Some say that either a divine being crafted our moral sense, or that we picked it up from the teachings of our religion. Yet non-believers often have as strong a sense of right and wrong as anyone.

Some elements of morality seem to be universal, despite sharp doctrinal differences among the world’s major religions. Perhaps over time we have evolved a moral faculty that generates intuitions about right and wrong.

Moral Sense Test Consider each of the following scenarios. For each, fill in the blank space with

Obligatory  Permissible or  Forbidden 

Scenario 1 

A runaway train car is about to run over five people walking on the tracks. A railroad worker is standing next to a switch that can turn the train car onto a side track. The railway employee near that side track would be killed, but the other five people would be saved.

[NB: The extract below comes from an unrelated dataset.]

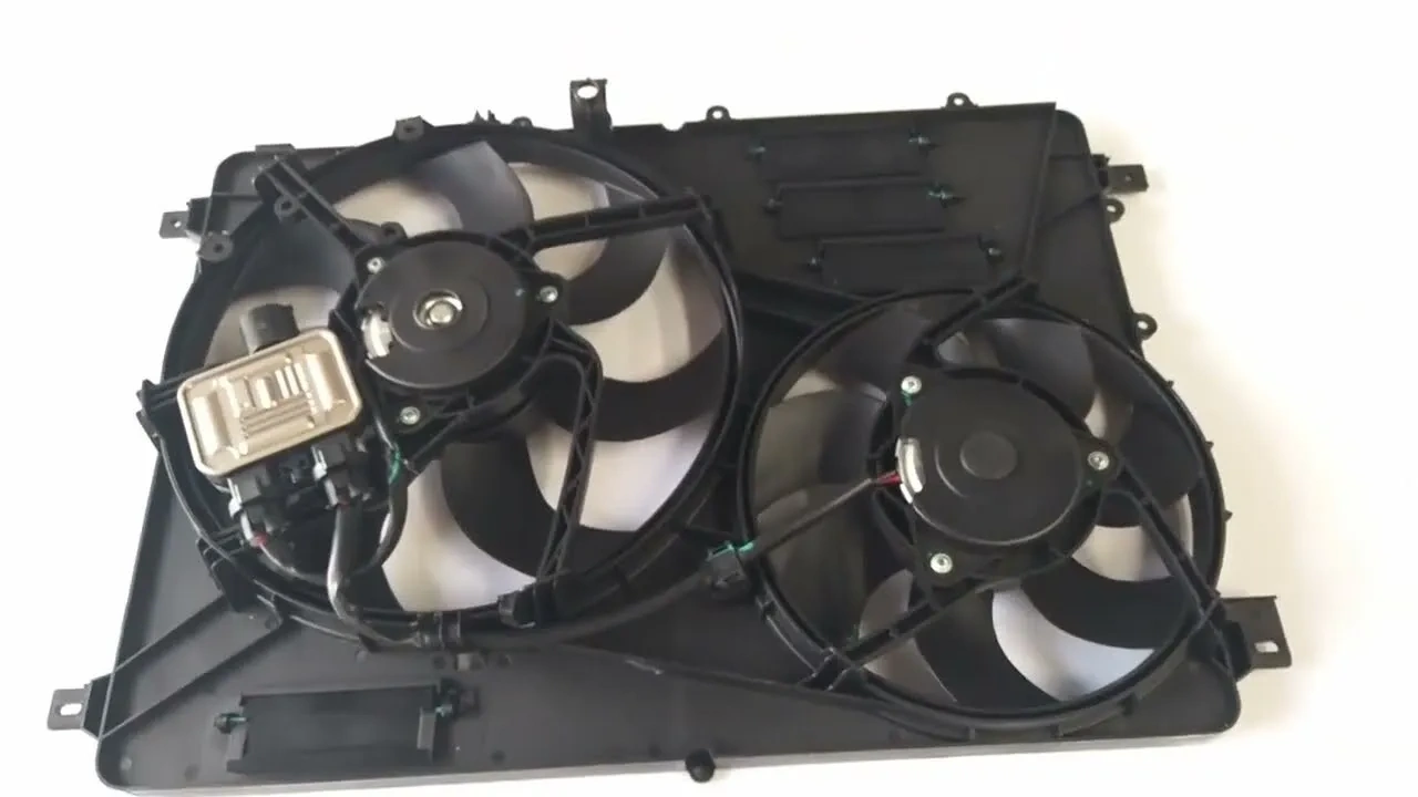 Engine cooling fan with motor and control module under part number LR011905. For models using the 2.2 CRDI and 3.2 litre 6 cylinder MPI engines.

Flipping the switch is ___________.

Scenario 2 You pass a small child drowning in a shallow pond, and you are the only one around. If you go into the water to grab the child, she will be saved but your expensive designer shoes and new pants will be ruined. 

Rescuing the child is ___________.

Scenario 3 Five people have just been rushed to the hospital in critical condition, each requiring an organ to survive. There is not enough time to request organs from outside the hospital, but there is a healthy person in the hospital waiting room. If the doctor takes this person’s organs, he will die, but the other 5 will live.

Taking the healthy person’s organs is ____.

What did you decide? If you judged case 1 as permissible, case 2 as obligatory, and case 3 as forbidden, you are like the 1,500 people from around the world who participated in the Harvard University Moral Sense test.

Were Emerson, Thoreau and the other Transcendentalists right? The Harvard studies provided support for the idea that we are endowed with a moral faculty that guides our intuitive judgments of right and wrong. Our sense of morality seems to be a part of our nature, whether we choose to listen to it or not.